I then ran a Pandoc command in Terminal to convert the .md file to a .docx file. Disappointingly, the program did not return anything to suggest it had been successful. A quick $ ls, however, revealed the new file.

Terminal

I also converted the .md manuscript into .odt and .html, just to see what might happen and if there were any differences.

How it ended up

As it turned out, the .docx and .odt conversions were missing the footnotes and .html was missing the header (which is not standard Markdown, but rather a Pandoc extension), meaning that none of the target formats included 100% of the Markdown content. Considering I had done absolutely no styling, the .docx was surprisingly eye-catching.

MS Word output

I don’t know why parts were missing from each target file, but I plan to investigate why before using Pandoc more extensively for research work. Despite not quite getting all the output I was promised, I wasn’t dissuaded from using Markdown and Pandoc for my long-form writing. The tutorial goes into some depth on footnotes and bibliographies, which I didn’t have time to test and which might well solve my problem.

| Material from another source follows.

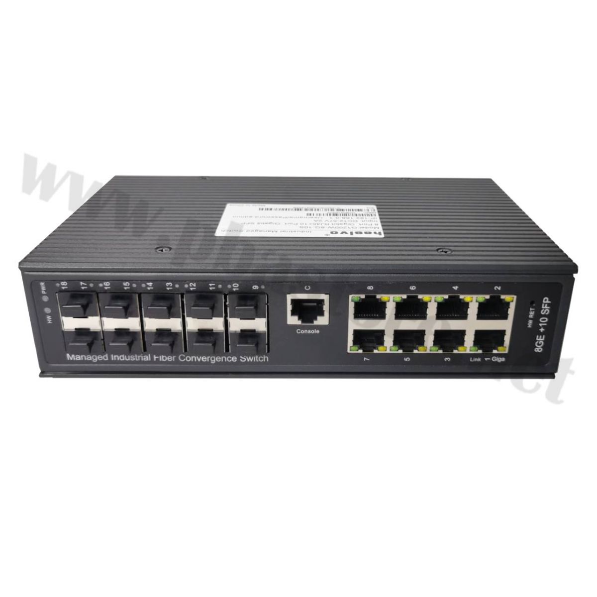 Gigabit Industrial Switch 8 Port + 10 SFP + 1 Console Port L2 Managed hasivo รุ่น G1200W-8G-10S (With Power Adapter DC 12V2A) เหมาะสำหรับใช้ในเครือข่ายอุตสาหกรรม

Ironically, a copy of Matthew Kirschenbaum’s Tracked Changes, a history of word processors and their effect on the art of writing, arrived at the post office while I was compiling this article. In a way, adopting Markdown and Pandoc is an effort to get back to those, uh, halcyon days of formatting-free word processing. Hopefully when I re-examine my Documents folder in a few years’ time, it will be full of plaintext files!